Even if it be assumed that SM deleted a message or messages which passed between her and the appellant and she willingly participated in the exchange, or initiated it, there is no reason to doubt the conviction. It is the vulnerability of children that the section is designed to protect. SM’s evidence, that she complained to JG because he had been joking about her relationship with the appellant when she thought it a more serious matter, does not lack in credibility. Nor is the exchange between JG and SM, after she had shown him the screenshots of the Messenger communications between her and the appellant, inconsistent with her evidence. Nor are the SMS messages, received as exhibit D6, which might not have included all of her communications with the appellant before the subject communications, inconsistent with her evidence. The deletions were simply not significant.
All of the matters on which the appellant relies were matters which the jury was best placed to resolve because they were in a position to make an assessment of SM’s testimony. Both individually and together, the discrepancies are not significant.
The appellant contends that the only reasonable inference open was that SM had altered the evidence concerning the Messenger communications. For the reasons I have already given, I am not satisfied that that is the only reasonable inference. Even if the jury were satisfied that messages were deleted, the jury may nonetheless reasonably have decided that SM was motivated to do so by embarrassment and that the deleted messages could not have affected the inferences open on the messages appearing in the screenshots. The effect of the messages and, in particular, those sent by the appellant, are capable of proving the sexual communication offence and establishing a strong sexual interest in SM, which circumstantially supported her evidence on count 1.
Conclusion
I would allow the appeal against the conviction on count 2, the sexual communication offence. I would dismiss the appeal against the conviction of indecent assault.
In those circumstances, it is necessary to set aside the single sentence of three years’ imprisonment imposed with respect to both offences and to order a new trial on the sexual communication offence. It is, therefore, not necessary to consider the application for permission to appeal against sentence because of my conclusion that there must be a new trial.

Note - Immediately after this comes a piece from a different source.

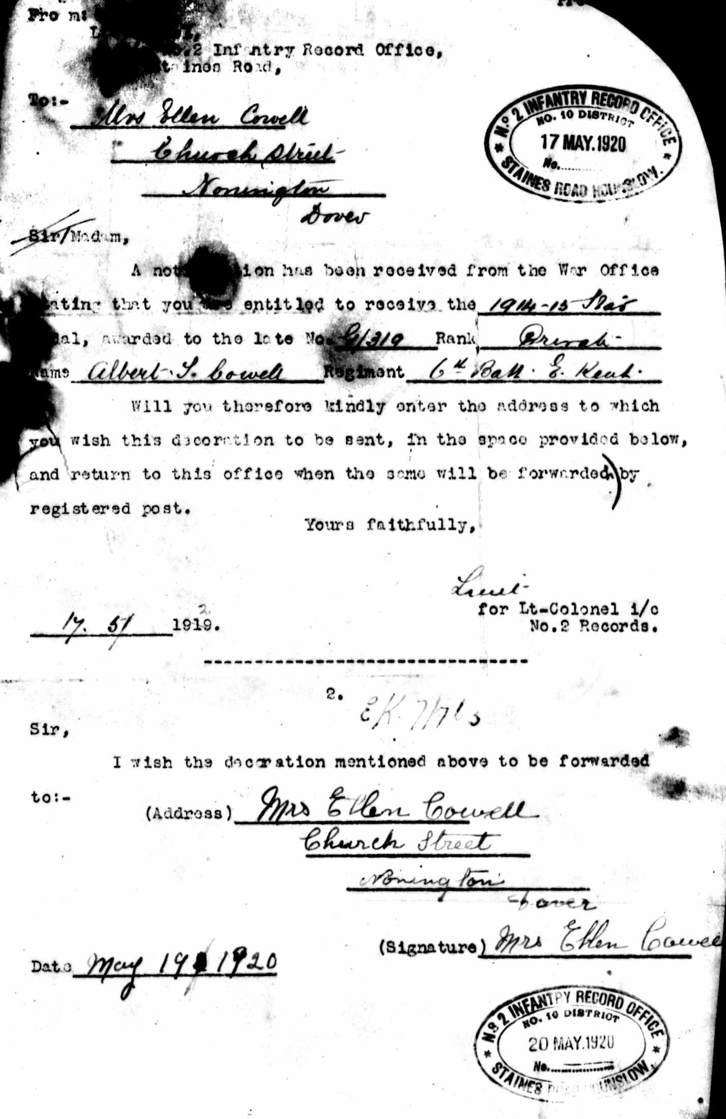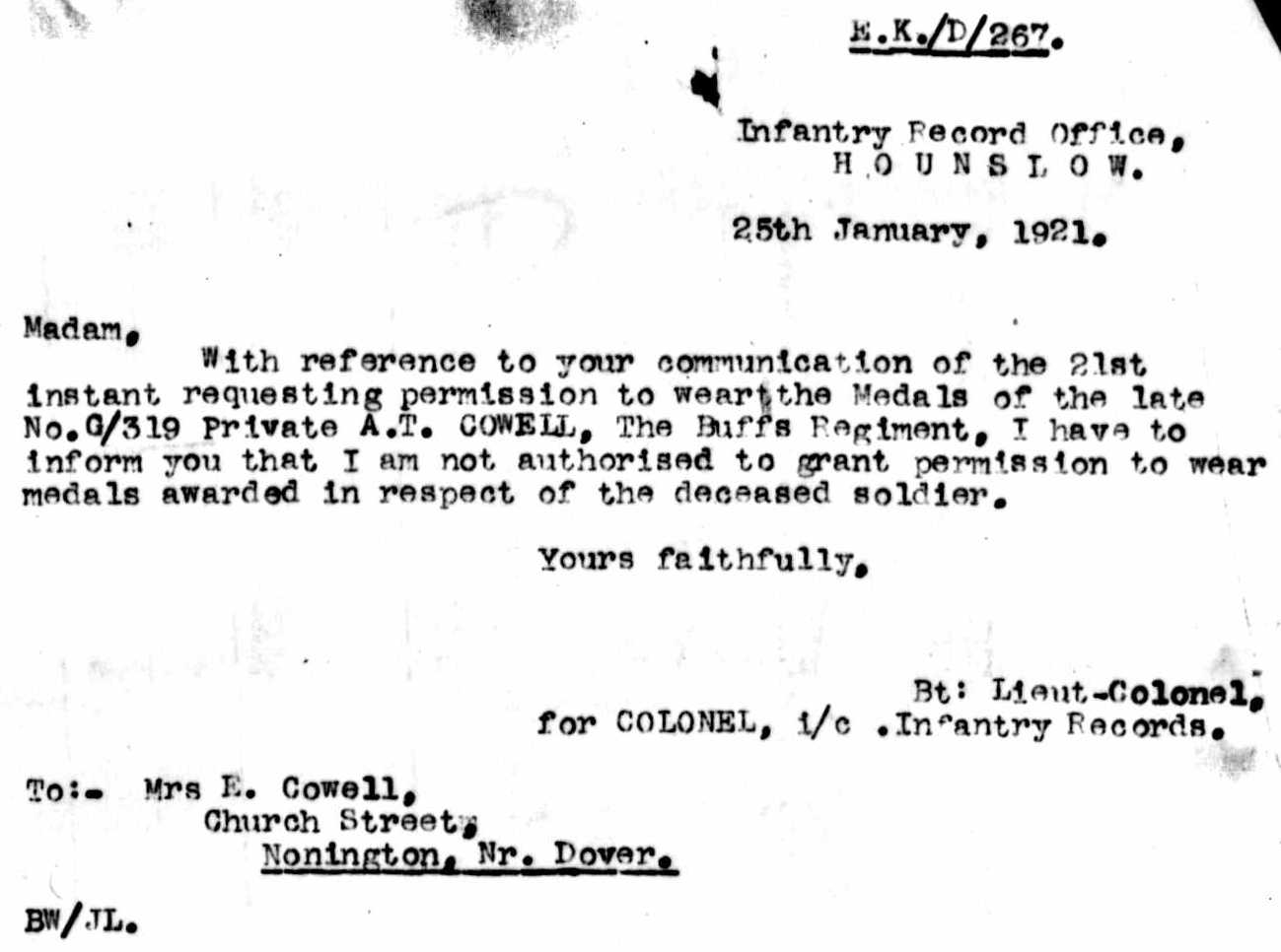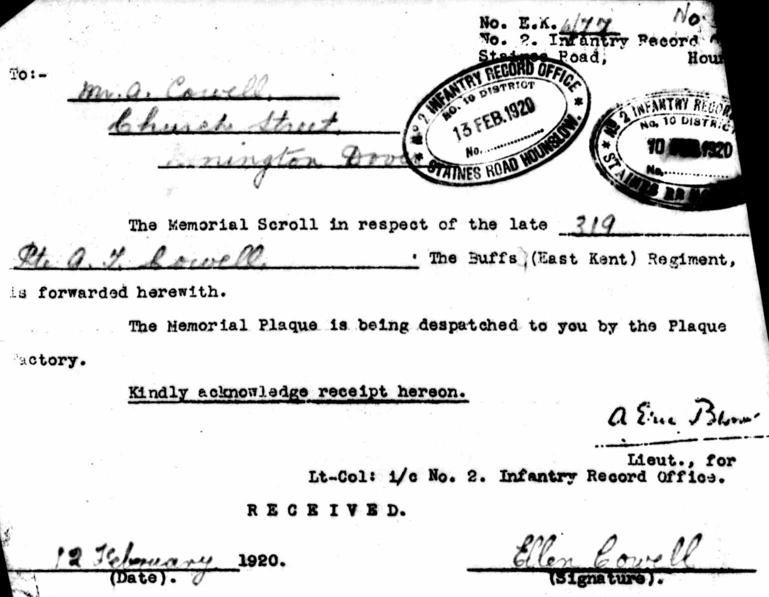 Throughout his life, he lived at Adisham Street, Adisham, Kent, England on Mar 31, 19014; and at Church Street, Nonington, Kent on Apr 2, 19115. He served in the army from Aug 26, 1914 to Mar 19, 1916 (regiment: Buffs (East Kent Regiment); Service number: GS/EK/319).
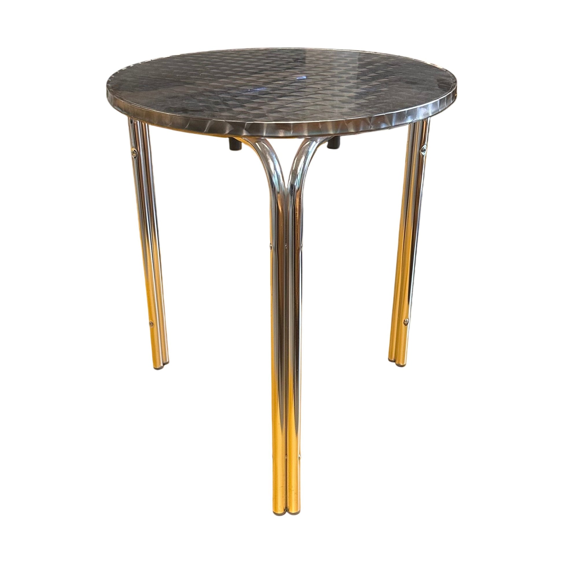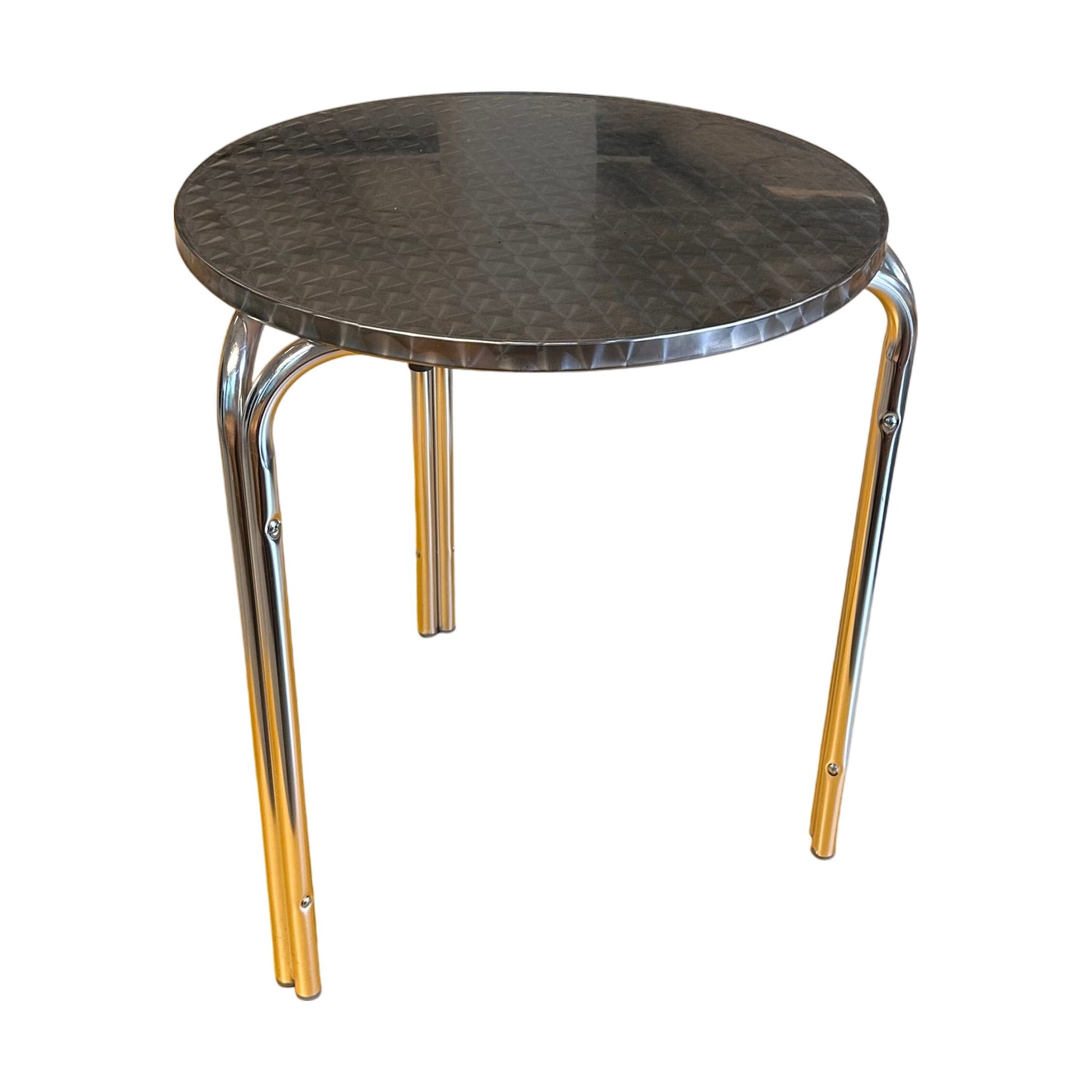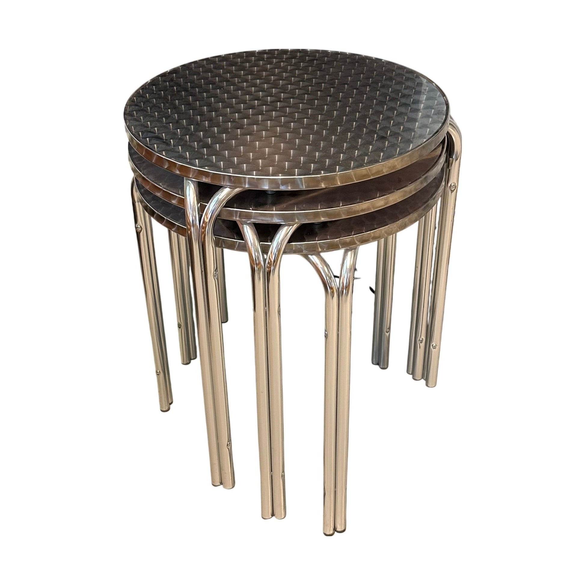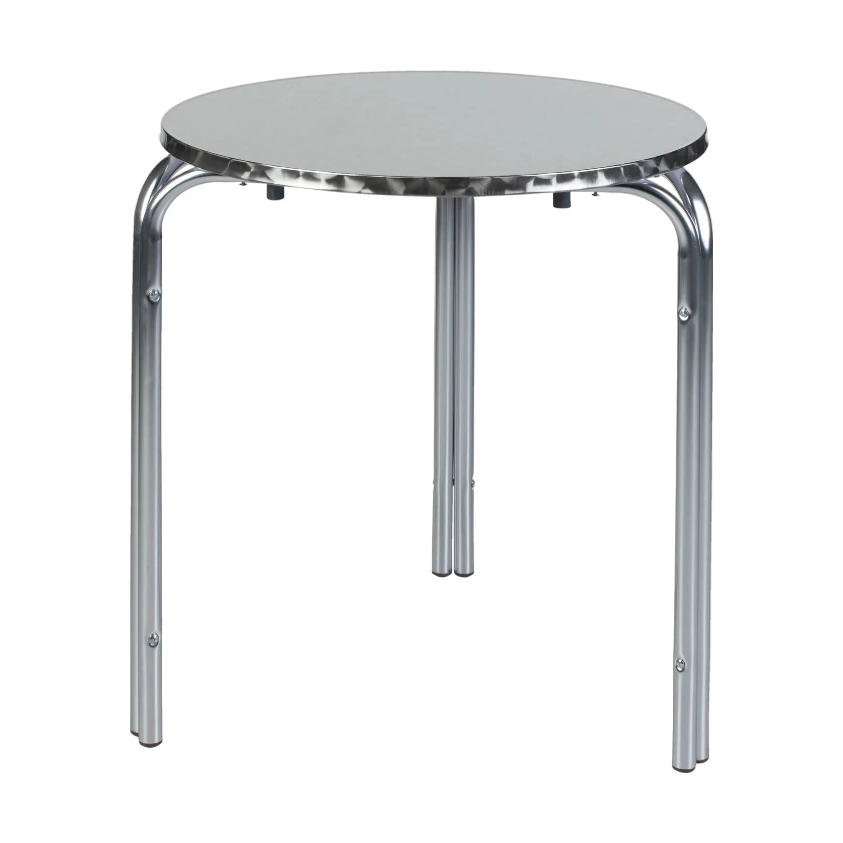 Stablebare aluminiumsbord Holly fra Pulsiva er et praktisk og stilrent bord som passer perfekt for både innendørs og utendørs bruk. Med sin grå, sirkulære bordplate i aluminium og slanke, sølvfargede ben, tilbyr dette bordet en moderne estetikk sammen med stabilitet og holdbarhet.

STANLEY J: I would allow the appeal on ground 1 and dismiss the appeal on grounds 2, 3, 4 and 5. I would set aside the sentence imposed and order a new trial on ground 1. I agree with the reasons of Kourakis CJ.
LOVELL J: I would allow the appeal on ground 1 and dismiss the appeal on grounds 2, 3, 4 and 5. I would set aside the sentence imposed and order a new trial on ground 1. I agree with the reasons of Kourakis CJ.